Deutsche Bank upgraded its rating on Estee Lauder to 'Buy' from 'Hold' on Monday, citing the beauty product giant's diversification beyond the Chinese market and travel retail channels.
According to the summary of the investor note on The Fly, the investment firm believes Estee Lauder is accelerating innovation across brands and price tiers while migrating decision-making geographically closer to where business operations occur.
Deutsche Bank raised the price target to $95 from $71, indicating a 26% increase from present levels. Estee Lauder shares are nearly flat year-to-date.

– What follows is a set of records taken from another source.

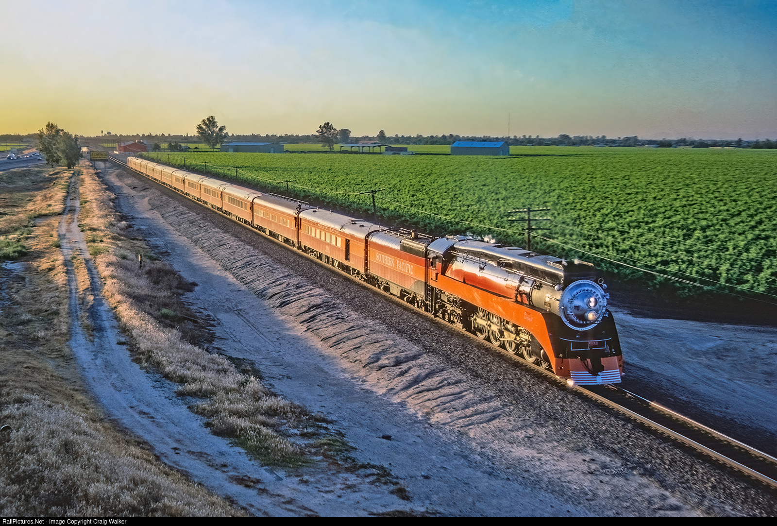 At last light, Southern Pacific Daylight GS-4 4-8-4 4449 and her 13-car train speed through California's verdant San Joaquin Valley as the train approaches Fresno, where it will lay-over for the night before heading to Los Angeles the next day. This train was heading to New Orleans for the 1984 World's Fair, and was dubbed the World's Fair Daylight. (Borden, California – May 12, 1984)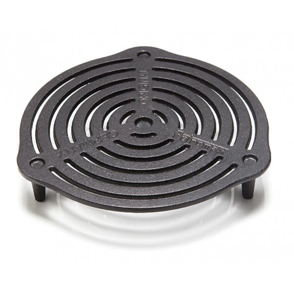 To steam in the Dutch Oven, place one rack in it or simply stack several racks on top of each other. If you place the grill directly into the hot coals, it will quickly sear the perfect grill marks on meat or vegetables. Thanks to the feet on the bottom, the cast iron stacking grate is stable in the fire and can be used as a support for placing percolators, tea kettles or Dutch ovens without legs in the fire. It can also serve as a practical coaster for hot cookware on the table.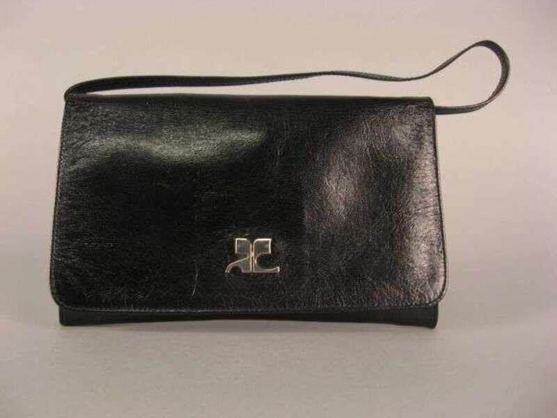 Glossy black calfskin with narrow short handle and silver logo over the snap closure. Lined in white embossed "Courreges / Paris / Made in France."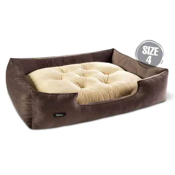 مزایای ویژه جای خواب سگ و گربه جنس پارچه مبلی درجه یک قهوه ای با تشک کرم

The cosmetics company has mostly completed its major investment cycle, in areas like supply chain and forecasting systems. With these enhancements in place, the company is now well-positioned to capitalize on future revenue growth, Deutsche Bank said.
The firm expects these completed investments to benefit the margin and profit recovery.

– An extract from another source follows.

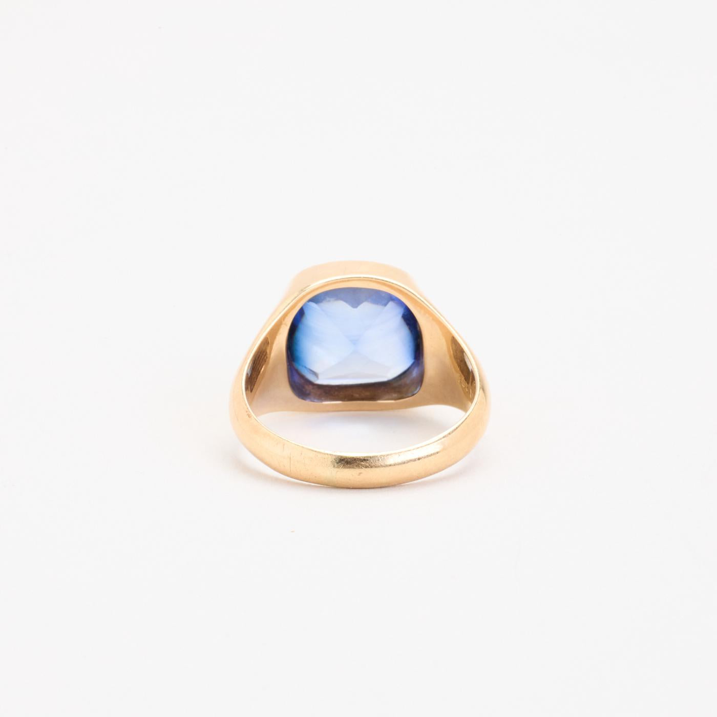 Signetring i 14K guld med blå sten, Str. 65

On Stocktwits, retail sentiment for EL was 'neutral' as of early Monday, compared to 'bullish' the previous day.
Last month, Estee Lauder forecasted its fiscal 2025 sales below Wall Street expectations, signaling continued weakness in its core American and Chinese markets.
It had said it would move forward with a previously announced restructuring plan, which includes cutting thousands of jobs, and steps to offset the effects of new U.S. import tariffs.